What does the data read, word for word, from the line containing "4月10日江西贵丰 废铜采购报价" through its final line? Give those lines only.

[Data to process Boundary: Start]

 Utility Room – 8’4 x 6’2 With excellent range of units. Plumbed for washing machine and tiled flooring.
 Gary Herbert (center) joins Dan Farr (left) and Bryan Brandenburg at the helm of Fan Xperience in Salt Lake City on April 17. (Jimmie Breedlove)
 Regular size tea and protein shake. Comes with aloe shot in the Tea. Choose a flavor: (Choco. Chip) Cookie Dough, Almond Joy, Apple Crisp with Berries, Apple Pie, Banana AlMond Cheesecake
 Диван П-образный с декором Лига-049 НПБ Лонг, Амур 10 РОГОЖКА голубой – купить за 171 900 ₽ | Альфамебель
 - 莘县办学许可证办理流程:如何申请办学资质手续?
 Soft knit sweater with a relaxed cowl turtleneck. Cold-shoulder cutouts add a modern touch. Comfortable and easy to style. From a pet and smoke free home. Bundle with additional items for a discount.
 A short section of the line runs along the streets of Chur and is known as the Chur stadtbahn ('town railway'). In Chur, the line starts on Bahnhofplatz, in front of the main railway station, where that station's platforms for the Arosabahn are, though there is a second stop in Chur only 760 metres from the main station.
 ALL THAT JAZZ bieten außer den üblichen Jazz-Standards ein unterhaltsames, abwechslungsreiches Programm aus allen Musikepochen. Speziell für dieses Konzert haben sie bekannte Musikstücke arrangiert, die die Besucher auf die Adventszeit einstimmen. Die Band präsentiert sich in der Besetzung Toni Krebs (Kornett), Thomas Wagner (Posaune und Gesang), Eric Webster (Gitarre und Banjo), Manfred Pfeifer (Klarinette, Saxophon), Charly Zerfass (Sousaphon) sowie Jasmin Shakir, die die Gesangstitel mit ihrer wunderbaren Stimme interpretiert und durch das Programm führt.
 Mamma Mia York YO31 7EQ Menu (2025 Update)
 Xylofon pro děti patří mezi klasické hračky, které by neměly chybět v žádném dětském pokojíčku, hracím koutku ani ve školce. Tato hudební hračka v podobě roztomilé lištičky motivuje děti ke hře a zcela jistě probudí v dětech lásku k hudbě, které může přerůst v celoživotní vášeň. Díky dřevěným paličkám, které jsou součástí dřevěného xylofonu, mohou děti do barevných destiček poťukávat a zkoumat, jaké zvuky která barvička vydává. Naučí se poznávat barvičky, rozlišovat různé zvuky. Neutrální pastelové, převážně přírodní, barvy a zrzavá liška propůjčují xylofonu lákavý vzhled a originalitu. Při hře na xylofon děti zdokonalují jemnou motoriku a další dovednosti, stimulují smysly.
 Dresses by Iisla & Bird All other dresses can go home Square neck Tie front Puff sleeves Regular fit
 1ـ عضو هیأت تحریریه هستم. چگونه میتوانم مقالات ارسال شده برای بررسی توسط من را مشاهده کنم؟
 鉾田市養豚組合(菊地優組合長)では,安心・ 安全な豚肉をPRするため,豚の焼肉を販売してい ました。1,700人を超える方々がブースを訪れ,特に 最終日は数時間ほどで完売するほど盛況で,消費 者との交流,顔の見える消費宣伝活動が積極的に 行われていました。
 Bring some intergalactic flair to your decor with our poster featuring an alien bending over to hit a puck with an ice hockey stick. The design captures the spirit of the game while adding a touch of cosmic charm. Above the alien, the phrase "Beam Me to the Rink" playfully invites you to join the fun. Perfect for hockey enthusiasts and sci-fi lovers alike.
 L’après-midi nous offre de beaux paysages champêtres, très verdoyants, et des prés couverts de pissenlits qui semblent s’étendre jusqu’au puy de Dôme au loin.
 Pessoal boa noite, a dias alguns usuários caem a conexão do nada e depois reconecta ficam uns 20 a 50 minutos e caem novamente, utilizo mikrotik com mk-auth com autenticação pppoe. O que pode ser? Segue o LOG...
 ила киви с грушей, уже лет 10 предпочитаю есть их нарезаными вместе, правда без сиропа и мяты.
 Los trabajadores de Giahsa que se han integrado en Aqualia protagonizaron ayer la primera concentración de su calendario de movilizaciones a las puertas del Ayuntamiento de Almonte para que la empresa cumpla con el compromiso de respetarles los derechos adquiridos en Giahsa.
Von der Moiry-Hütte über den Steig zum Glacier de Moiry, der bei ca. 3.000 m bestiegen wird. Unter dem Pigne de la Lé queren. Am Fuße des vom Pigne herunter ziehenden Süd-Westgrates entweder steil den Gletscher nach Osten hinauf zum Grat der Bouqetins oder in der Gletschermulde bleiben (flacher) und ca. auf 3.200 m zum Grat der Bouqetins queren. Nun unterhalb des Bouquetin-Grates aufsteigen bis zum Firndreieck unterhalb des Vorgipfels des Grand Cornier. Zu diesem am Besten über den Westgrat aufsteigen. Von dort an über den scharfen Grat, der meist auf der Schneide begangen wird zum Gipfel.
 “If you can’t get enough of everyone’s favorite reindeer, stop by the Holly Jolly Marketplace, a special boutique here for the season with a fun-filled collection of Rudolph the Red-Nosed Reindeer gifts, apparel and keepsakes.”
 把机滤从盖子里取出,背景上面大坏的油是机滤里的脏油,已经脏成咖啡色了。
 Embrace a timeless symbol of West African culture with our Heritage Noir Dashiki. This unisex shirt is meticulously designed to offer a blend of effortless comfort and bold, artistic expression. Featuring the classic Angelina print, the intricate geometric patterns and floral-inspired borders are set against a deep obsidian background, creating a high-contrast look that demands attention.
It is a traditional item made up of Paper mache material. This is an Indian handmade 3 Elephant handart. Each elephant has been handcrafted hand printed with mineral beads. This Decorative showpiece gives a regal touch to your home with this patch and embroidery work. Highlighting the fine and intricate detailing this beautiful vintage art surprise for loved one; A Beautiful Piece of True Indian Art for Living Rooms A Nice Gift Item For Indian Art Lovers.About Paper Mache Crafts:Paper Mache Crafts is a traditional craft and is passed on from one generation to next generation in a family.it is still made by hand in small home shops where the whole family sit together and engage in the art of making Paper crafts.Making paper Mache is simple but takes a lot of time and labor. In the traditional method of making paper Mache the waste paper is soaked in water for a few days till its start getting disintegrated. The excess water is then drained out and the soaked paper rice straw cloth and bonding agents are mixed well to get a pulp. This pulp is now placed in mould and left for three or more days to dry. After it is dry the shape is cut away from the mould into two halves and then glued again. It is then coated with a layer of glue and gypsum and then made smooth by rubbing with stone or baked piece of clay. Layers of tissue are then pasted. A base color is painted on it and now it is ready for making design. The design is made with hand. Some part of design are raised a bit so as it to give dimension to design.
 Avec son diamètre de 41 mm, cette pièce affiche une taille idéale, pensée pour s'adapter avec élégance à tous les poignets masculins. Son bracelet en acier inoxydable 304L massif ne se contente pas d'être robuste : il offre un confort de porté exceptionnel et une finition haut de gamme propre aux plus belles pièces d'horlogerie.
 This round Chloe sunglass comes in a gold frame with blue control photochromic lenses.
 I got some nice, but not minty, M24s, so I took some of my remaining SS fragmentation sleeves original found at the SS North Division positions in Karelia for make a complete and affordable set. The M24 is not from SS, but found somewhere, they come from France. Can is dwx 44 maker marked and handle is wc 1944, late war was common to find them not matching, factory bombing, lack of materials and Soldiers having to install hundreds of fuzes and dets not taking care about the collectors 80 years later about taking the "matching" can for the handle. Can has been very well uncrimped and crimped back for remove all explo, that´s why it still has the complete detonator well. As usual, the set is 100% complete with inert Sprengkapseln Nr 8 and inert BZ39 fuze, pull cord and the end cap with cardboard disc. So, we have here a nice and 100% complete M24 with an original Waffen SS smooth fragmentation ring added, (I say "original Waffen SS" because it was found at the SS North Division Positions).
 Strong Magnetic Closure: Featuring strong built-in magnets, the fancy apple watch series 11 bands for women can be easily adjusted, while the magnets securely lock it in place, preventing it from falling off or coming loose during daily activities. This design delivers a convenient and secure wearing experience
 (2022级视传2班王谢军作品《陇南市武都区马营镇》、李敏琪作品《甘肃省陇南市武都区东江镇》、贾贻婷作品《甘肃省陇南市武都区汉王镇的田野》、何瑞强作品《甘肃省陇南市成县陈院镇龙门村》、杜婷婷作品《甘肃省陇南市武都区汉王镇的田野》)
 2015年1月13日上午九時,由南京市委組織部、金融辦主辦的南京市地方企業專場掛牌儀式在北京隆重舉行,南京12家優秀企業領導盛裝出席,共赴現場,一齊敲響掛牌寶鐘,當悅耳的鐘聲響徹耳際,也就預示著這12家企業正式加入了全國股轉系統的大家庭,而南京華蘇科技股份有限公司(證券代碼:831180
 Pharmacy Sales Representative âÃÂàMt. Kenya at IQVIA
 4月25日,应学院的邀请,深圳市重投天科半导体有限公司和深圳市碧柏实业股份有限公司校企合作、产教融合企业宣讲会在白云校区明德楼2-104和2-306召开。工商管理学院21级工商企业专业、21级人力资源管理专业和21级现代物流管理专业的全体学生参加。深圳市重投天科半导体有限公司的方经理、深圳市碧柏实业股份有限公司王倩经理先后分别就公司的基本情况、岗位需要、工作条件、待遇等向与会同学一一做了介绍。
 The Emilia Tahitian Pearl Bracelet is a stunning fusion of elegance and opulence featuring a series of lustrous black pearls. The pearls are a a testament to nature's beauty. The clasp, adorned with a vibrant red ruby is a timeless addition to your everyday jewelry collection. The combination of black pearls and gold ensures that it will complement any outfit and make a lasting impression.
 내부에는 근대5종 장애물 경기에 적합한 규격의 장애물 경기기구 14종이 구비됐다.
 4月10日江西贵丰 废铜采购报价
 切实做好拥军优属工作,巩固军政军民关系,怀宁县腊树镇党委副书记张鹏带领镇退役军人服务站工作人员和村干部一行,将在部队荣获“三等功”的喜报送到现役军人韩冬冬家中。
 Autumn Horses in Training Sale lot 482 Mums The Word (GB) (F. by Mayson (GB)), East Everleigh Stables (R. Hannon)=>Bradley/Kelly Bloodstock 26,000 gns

[Data to process Boundary: End]

Response to the exercise →
 4月10日江西贵丰 废铜采购报价
 切实做好拥军优属工作,巩固军政军民关系,怀宁县腊树镇党委副书记张鹏带领镇退役军人服务站工作人员和村干部一行,将在部队荣获“三等功”的喜报送到现役军人韩冬冬家中。
 Autumn Horses in Training Sale lot 482 Mums The Word (GB) (F. by Mayson (GB)), East Everleigh Stables (R. Hannon)=>Bradley/Kelly Bloodstock 26,000 gns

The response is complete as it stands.